Commonly, there are four main metrics presented in [32] as parameters of QoS which are dropped packet (or packet delivery ratio), delay (route latency), jitter (delay variance), and bandwidth. Table 1 provides a list of popular qualitative and quantitative properties and characteristics of MANET routing protocols as well [33,34]. Some of the metrics in [34] are applied to compare proactive and reactive routing protocols in terms of overhead, scalability, and loop-freedom. The purpose of referring to performance metrics in this paper is to correlate proactive, reactive and hybrid protocols according to these metrics. Considering that some publications have contrasted routing protocols using the packet delivery ratio, control overhead, hop count, and end-to-end delay, the performance of routing protocols in this paper is mostly evaluated in terms of delay, jitter and dropped packets with random obstacle mobility model. To define the simulation scenarios, we used the same basis as in [39,40]. Some of these values are shown in the Table 2.

In order to analyze results and measure behavior of protocols, we selected some indicators from [33,41]. These indicators are performance, protocol overhead, packet dropped, average delay and the variation of the delay or jitter. They are all compared with those of the following protocols: AOMDV, AODV and DSDV.

4. Results

The NS2 simulator [10] is used to determine protocols behaviour with the data shown in Table 1. In order to determine which is the best protocol, we considered the following indicators:

– Average Delay. This is very significant to measure for our purpose, because there is a need to send and receive network management information as soon as possible. With 30 connections, and with 120 and 150 nodes, AOMDV protocol yields little delays. Instead, with 60 connections, the panorama changes to demonstrate a great advantage in AOMDV usage over AODV and DSDV. Collected data is shown in Table 3, Table 4, Figure 5 (a), and Figure 5 (b).

– Packet delay variation. It is the difference or delay between end-to-end communication selected packets. In MANETs, it allows to measure convergence and network stability.

This parameter is related to the mean fluctuation and helps us to determine which one of the three protocols would be the most appropriate. The protocol with the lower jitter is the best, and it is the AOMDV. The simulation results are shown in Table 5, Table 6, Figure 6 (a) and Figure 6 (b).

– Dropped Packet. This is the number of packets dropped by intermediate nodes due to the effects produced by its own continuous mobility, timer expiration, and unreachable destinations by Address Resolution Protocol (ARP).

The purpose of this simulation is to set up which of the three routing protocols developed shows better QoS characteristics.
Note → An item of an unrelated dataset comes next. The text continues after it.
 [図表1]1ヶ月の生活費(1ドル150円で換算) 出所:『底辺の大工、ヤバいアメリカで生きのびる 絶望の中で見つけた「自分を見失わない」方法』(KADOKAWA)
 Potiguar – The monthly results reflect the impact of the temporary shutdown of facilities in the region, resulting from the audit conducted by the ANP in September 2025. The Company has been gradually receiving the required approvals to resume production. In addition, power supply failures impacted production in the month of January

According to the analysis, the protocol that removes fewer packets during transmission is the AOMDV protocol, both with 30 and with 60 connections. Data is shown in Table 7 y Table 8, Figure 7 (a) and Figure 7 (b).

5. Conclusions

Mobility models are representations of human behavior that require prior analysis and should be analyzed in all their dimensions. In this article they were implemented on a defined and simulated urban area, considering random obstacles, and governed by various parameters such as time of simulation, number of nodes, and others.
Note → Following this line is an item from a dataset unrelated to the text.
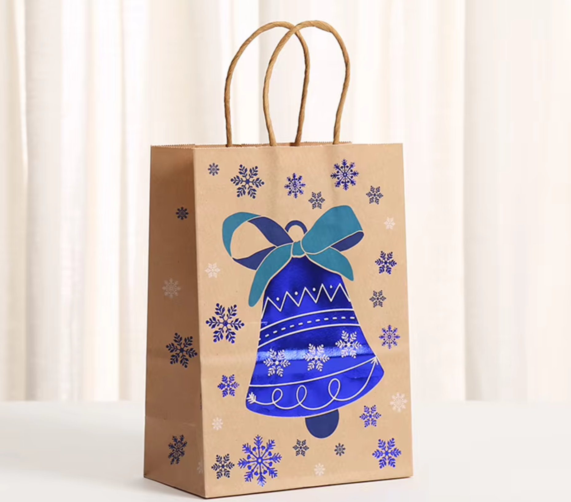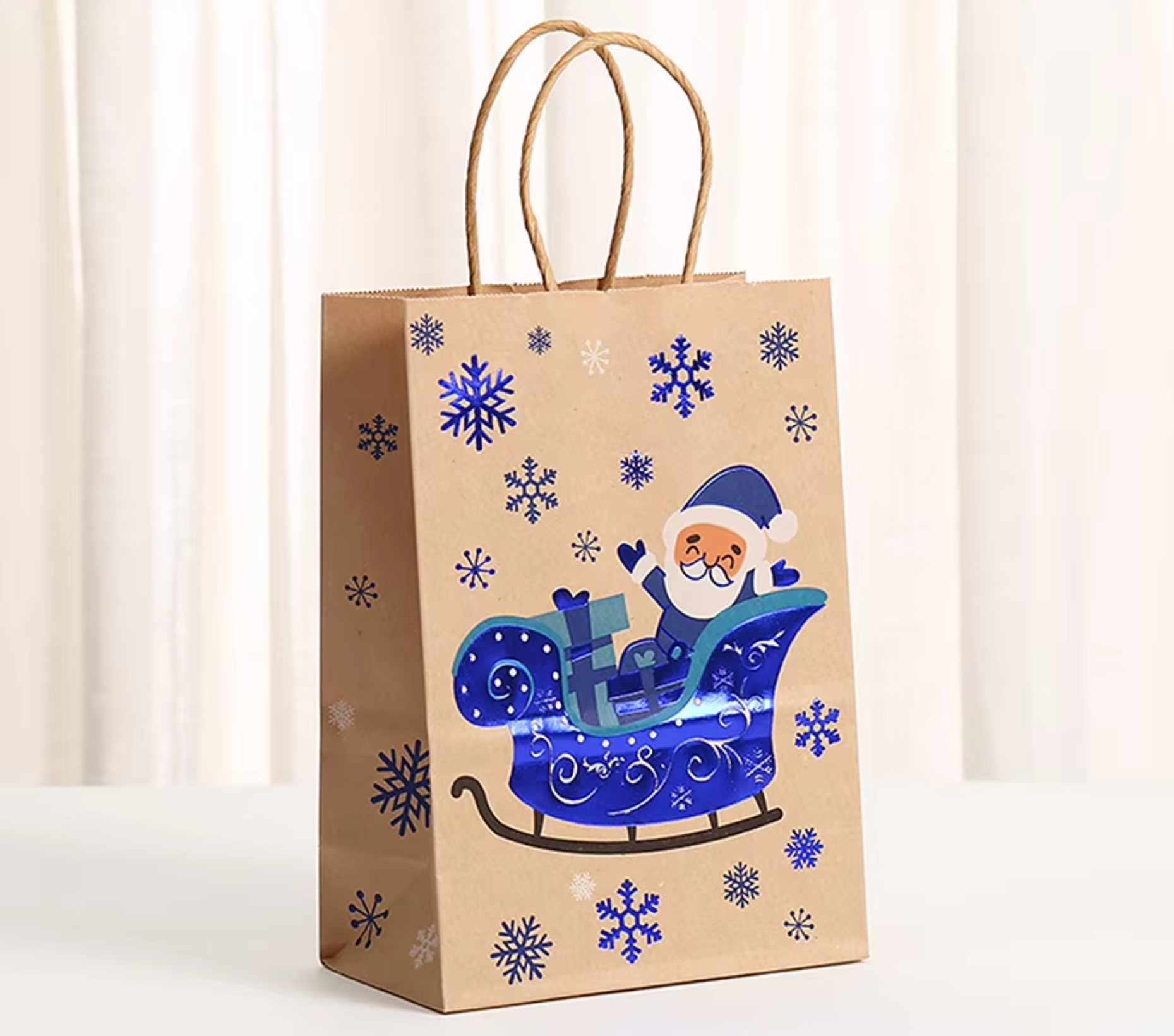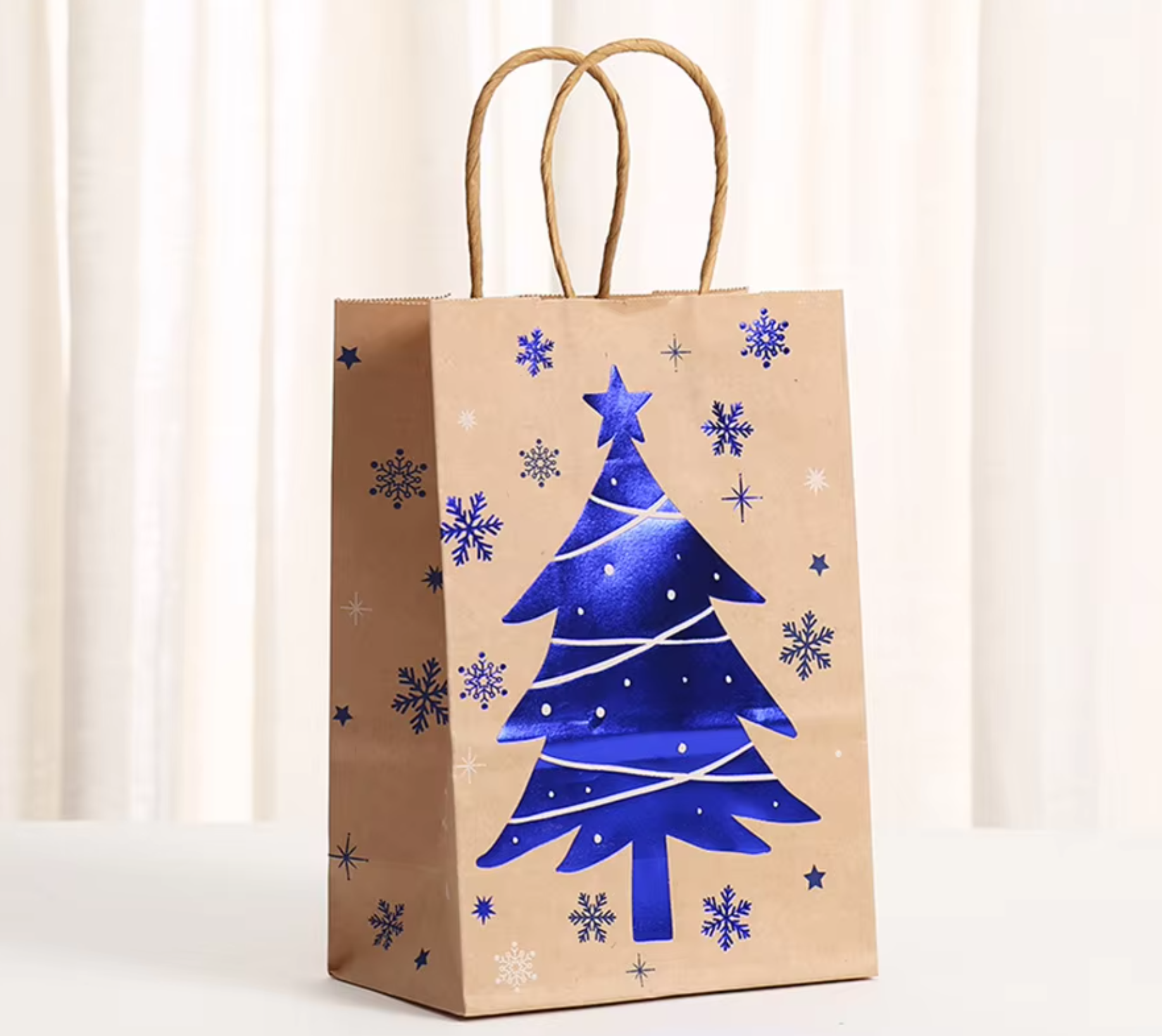 Advanced Sense Cross-Border Blue Santa Claus Tree Kraft Paper Gift Packaging Bag Christmas Handbag Hot Stamping Surface Crafts

The Random Obstacle Mobility Model grants QoS parameters to be analyzed reliably in routing protocols simulations to adapt for more unpredictable cases in this research.

Finally, of the twenty-four simulated scenarios under AODV, DSDV and AOMDV routing protocols, the one that has greater compatibility with the Random Obstacle Mobility Model, and best QoS characteristics at the communication time between nodes is the AOMDV.